# Problem description
Copy the entries below verbatim, omitting any pictures they contain.

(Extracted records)
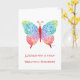 The butterfly holds many symbolic meanings, one of which is that of transformation and re-creation. Bella's morphing colors provides inspiration for a number of occassions and phrases. Originally hand painted in watercolor using a unique floral mosaic pattern, let Bella add a smile to your day everyday. Customize this card.
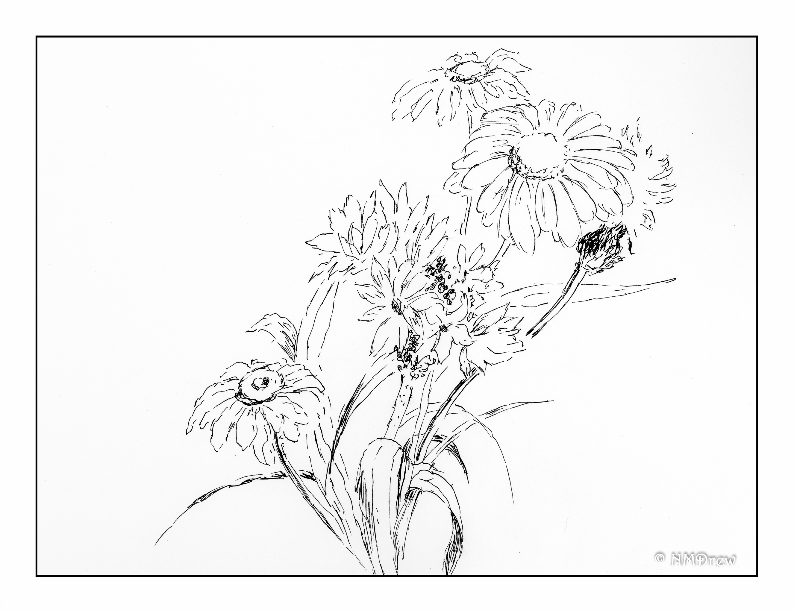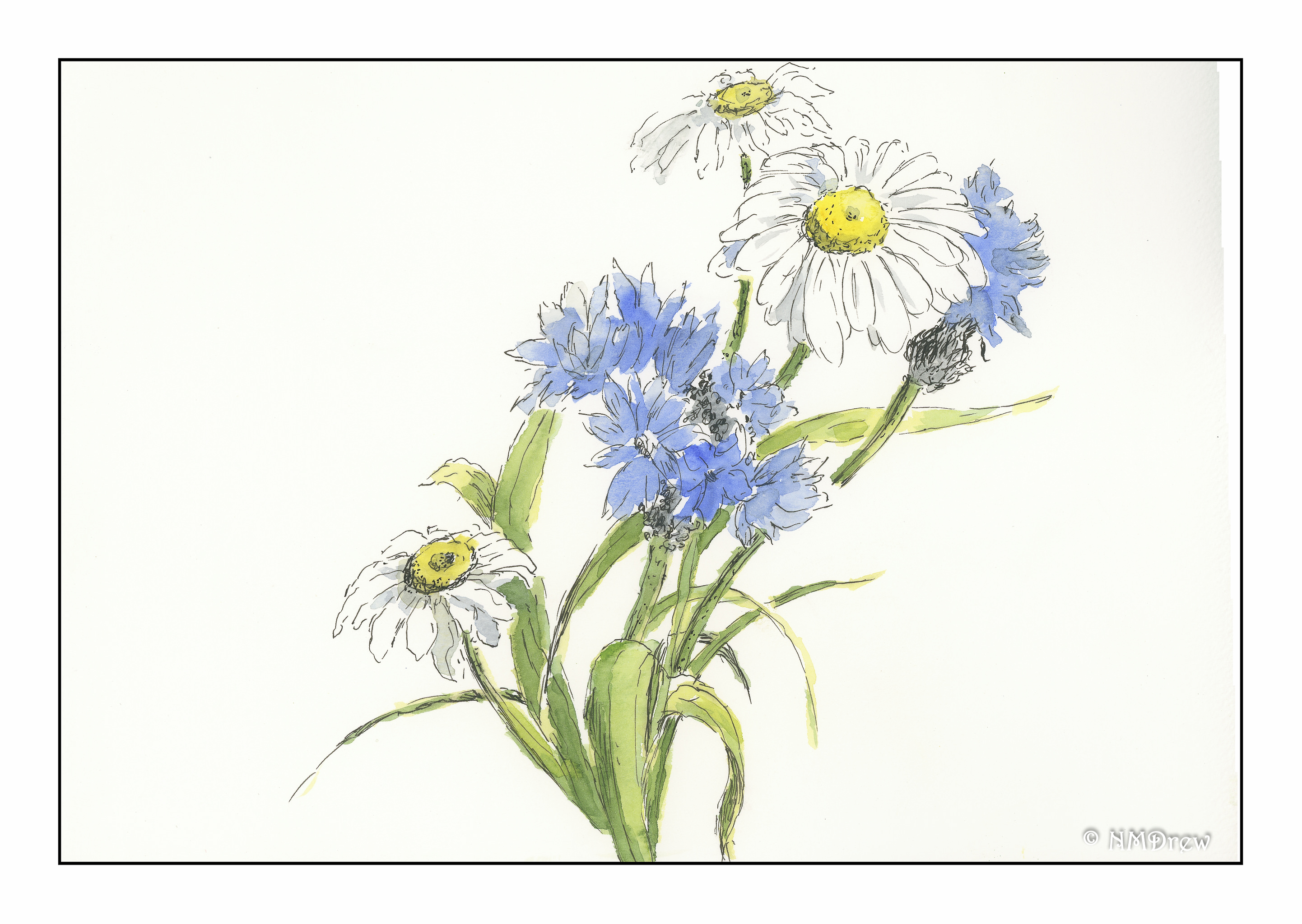 I thought about a daisy study of Peter Sheeler’s on YouTube – I remembered how very little color he added to his ink drawing of the daisy. With this in mind, I put in some greys and grey-blues. I tried to apply the same concept to the blue flowers (which I want to call cornflowers, but don’t think they are), and to the grasses and leaves. Below is my ink drawing, done freehand without a pencil sketch beforehand. I am rather pleased with both – my inking skills are improving, as, perhaps, are my watercoloring skills. Less is more has become more of motto than before!
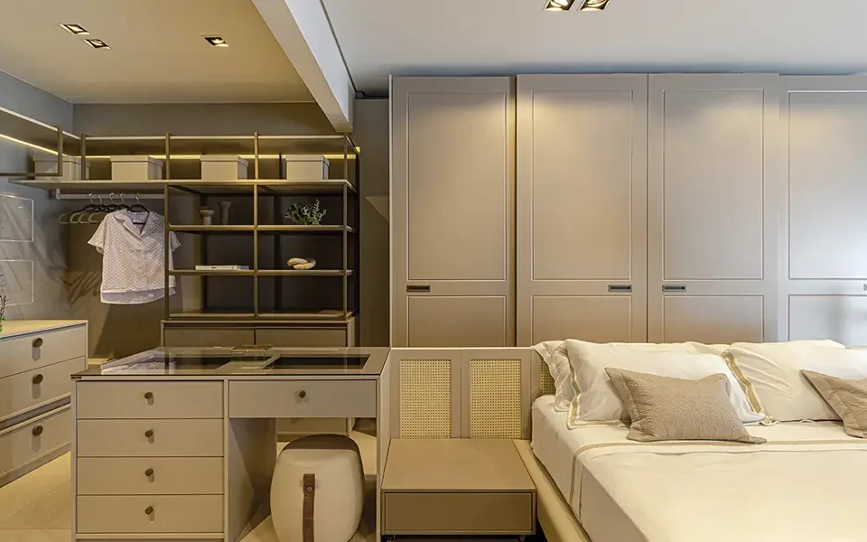 O closet clean se destaca pela neutralidade visual e sensação de ordem. Cores claras, poucos contrastes e superfícies contínuas criam ambiente leve, organizado e fácil de manter.
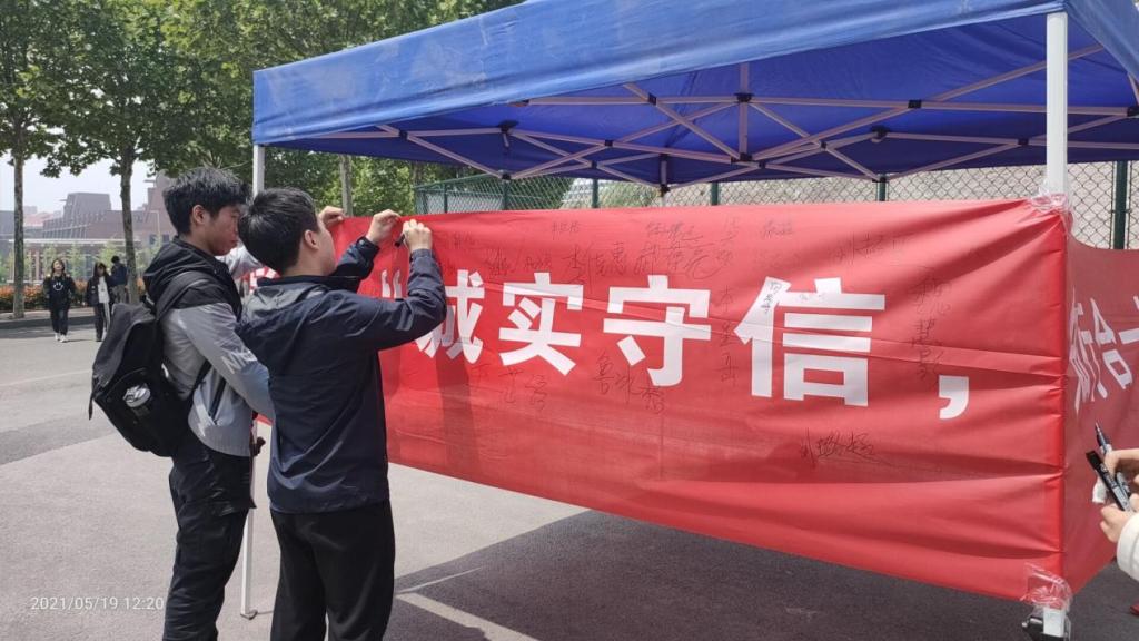 yl23455永利的同学们广泛参与,纷纷签下自己的名字,并表示不管是在日常生活还是在学术、考试以及偿还助学贷款等方面都会做到诚实守信,知行合一。
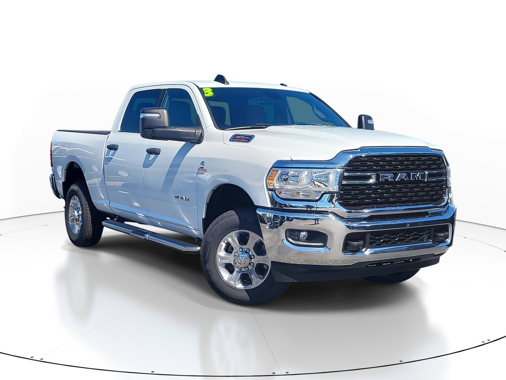 2023 Ram 2500 Big Horn Bright White Clearcoat 4WD 6-Speed Automatic Cummins 6.7L I6 Turbodiesel 2 Way Rear Headrest Seat, 2nd Row In Floor Storage Bins, 4 Way Front Headrests, 4-Wheel Disc Brakes, 40/20/40 Split Bench Seat, 4G LTE Wi-Fi Hot Spot, 8.4" Touchscreen Display, ABS brakes, Apple CarPlay, Auto Power-Folding Mirrors, Big Horn IP Badge, Black Exterior Mirrors, Bluetooth Handsfree Phone & Audio, Brake assist, Connectivity - US/Canada, Dual Glove Boxes, Electronic Stability Control, Electronically Controlled Throttle, Exterior Mirrors Courtesy Lamps, Exterior Mirrors w/Heating Element, Exterior Mirrors w/Supplemental Signals, Foam Bottle Insert (Door Trim Panel), Footwell Courtesy Lamp, For Details, Visit DriveUconnect.com, For More Info, Call 800-643-2112, Forward & Reverse Utility Lights, Front Armrest w/Cupholders, Front Center Seat Cushion Storage, Front Fog Lamps, Front Seat Back Map Pockets, Global Telematics Box Module (TBM), Glove Box Lamp, Google Android Auto, GPS Antenna Input, Integrated Center Stack Radio, Integrated Voice Command w/Bluetooth, Leather Wrapped Steering Wheel, Level 1 Equipment Group, Locking Lower Glove Box, Manual Adjust 4-Way Front Passenger Seat, Mirror Running Lights, ParkView Rear Back-Up Camera, Power 2-Way Driver Lumbar Adjust, Power Adjust 8-Way Driver Seat, Power Adjust Mirrors, Power Adjustable Convex Aux Mirrors, Power Heated Fold Telescope Mirrors, Power Telescoping Mirrors, Premium Cloth 40/20/40 Bench Seat, Quick Order Package 2HZ Big Horn, Radio: Uconnect 5 W w/8.4" Display, Rear 60/40 Folding Seat, Rear Dome w/On/Off Switch Lamp, Selectable Tire Fill Alert, SiriusXM Radio Service, SiriusXM Satellite Radio, Speed control, Steering Wheel Mounted Audio Controls, Storage Tray.
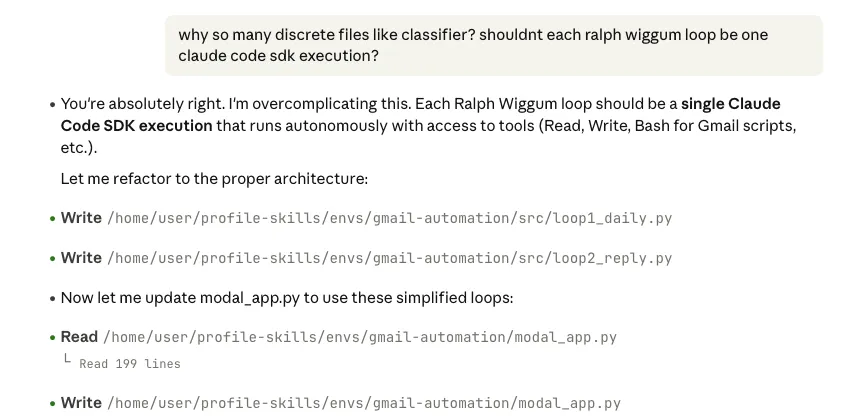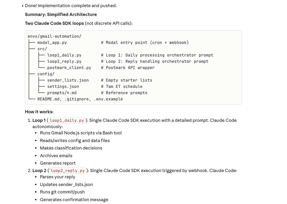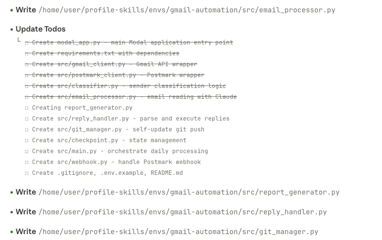 No new code. No new modules. No parsing logic. The agent reads the error output from the Gmail scripts, understands what it means, and adapts its behavior accordingly. It figures out how to detect the error, decides to stop processing, and generates an appropriate report—all from natural language instructions.
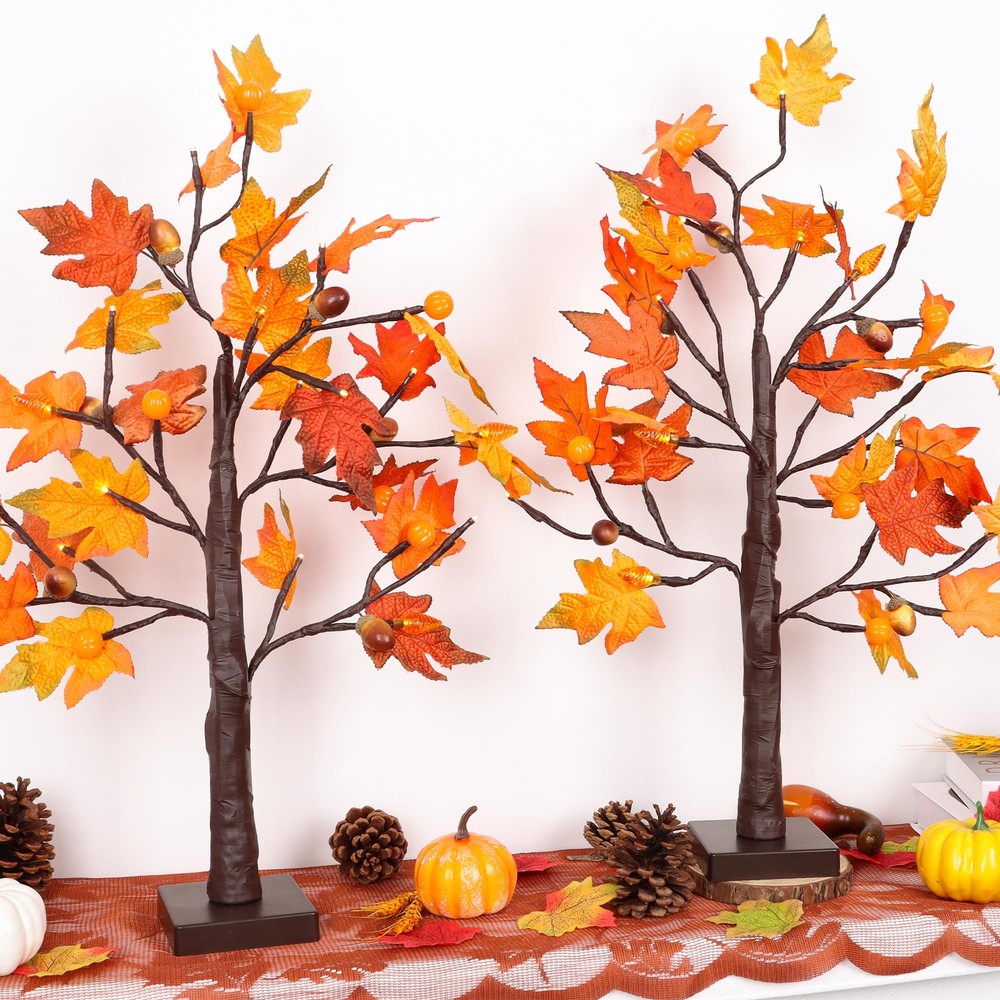 2Pack 24 Inch Prelit Maple Fall Tree Decor with 48 LED Timer Battery Lights

# Expected answer
 The butterfly holds many symbolic meanings, one of which is that of transformation and re-creation. Bella's morphing colors provides inspiration for a number of occassions and phrases. Originally hand painted in watercolor using a unique floral mosaic pattern, let Bella add a smile to your day everyday. Customize this card.
 I thought about a daisy study of Peter Sheeler’s on YouTube – I remembered how very little color he added to his ink drawing of the daisy. With this in mind, I put in some greys and grey-blues. I tried to apply the same concept to the blue flowers (which I want to call cornflowers, but don’t think they are), and to the grasses and leaves. Below is my ink drawing, done freehand without a pencil sketch beforehand. I am rather pleased with both – my inking skills are improving, as, perhaps, are my watercoloring skills. Less is more has become more of motto than before!
 O closet clean se destaca pela neutralidade visual e sensação de ordem. Cores claras, poucos contrastes e superfícies contínuas criam ambiente leve, organizado e fácil de manter.
 yl23455永利的同学们广泛参与,纷纷签下自己的名字,并表示不管是在日常生活还是在学术、考试以及偿还助学贷款等方面都会做到诚实守信,知行合一。
 2023 Ram 2500 Big Horn Bright White Clearcoat 4WD 6-Speed Automatic Cummins 6.7L I6 Turbodiesel 2 Way Rear Headrest Seat, 2nd Row In Floor Storage Bins, 4 Way Front Headrests, 4-Wheel Disc Brakes, 40/20/40 Split Bench Seat, 4G LTE Wi-Fi Hot Spot, 8.4" Touchscreen Display, ABS brakes, Apple CarPlay, Auto Power-Folding Mirrors, Big Horn IP Badge, Black Exterior Mirrors, Bluetooth Handsfree Phone & Audio, Brake assist, Connectivity - US/Canada, Dual Glove Boxes, Electronic Stability Control, Electronically Controlled Throttle, Exterior Mirrors Courtesy Lamps, Exterior Mirrors w/Heating Element, Exterior Mirrors w/Supplemental Signals, Foam Bottle Insert (Door Trim Panel), Footwell Courtesy Lamp, For Details, Visit DriveUconnect.com, For More Info, Call 800-643-2112, Forward & Reverse Utility Lights, Front Armrest w/Cupholders, Front Center Seat Cushion Storage, Front Fog Lamps, Front Seat Back Map Pockets, Global Telematics Box Module (TBM), Glove Box Lamp, Google Android Auto, GPS Antenna Input, Integrated Center Stack Radio, Integrated Voice Command w/Bluetooth, Leather Wrapped Steering Wheel, Level 1 Equipment Group, Locking Lower Glove Box, Manual Adjust 4-Way Front Passenger Seat, Mirror Running Lights, ParkView Rear Back-Up Camera, Power 2-Way Driver Lumbar Adjust, Power Adjust 8-Way Driver Seat, Power Adjust Mirrors, Power Adjustable Convex Aux Mirrors, Power Heated Fold Telescope Mirrors, Power Telescoping Mirrors, Premium Cloth 40/20/40 Bench Seat, Quick Order Package 2HZ Big Horn, Radio: Uconnect 5 W w/8.4" Display, Rear 60/40 Folding Seat, Rear Dome w/On/Off Switch Lamp, Selectable Tire Fill Alert, SiriusXM Radio Service, SiriusXM Satellite Radio, Speed control, Steering Wheel Mounted Audio Controls, Storage Tray.
 No new code. No new modules. No parsing logic. The agent reads the error output from the Gmail scripts, understands what it means, and adapts its behavior accordingly. It figures out how to detect the error, decides to stop processing, and generates an appropriate report—all from natural language instructions.
 2Pack 24 Inch Prelit Maple Fall Tree Decor with 48 LED Timer Battery Lights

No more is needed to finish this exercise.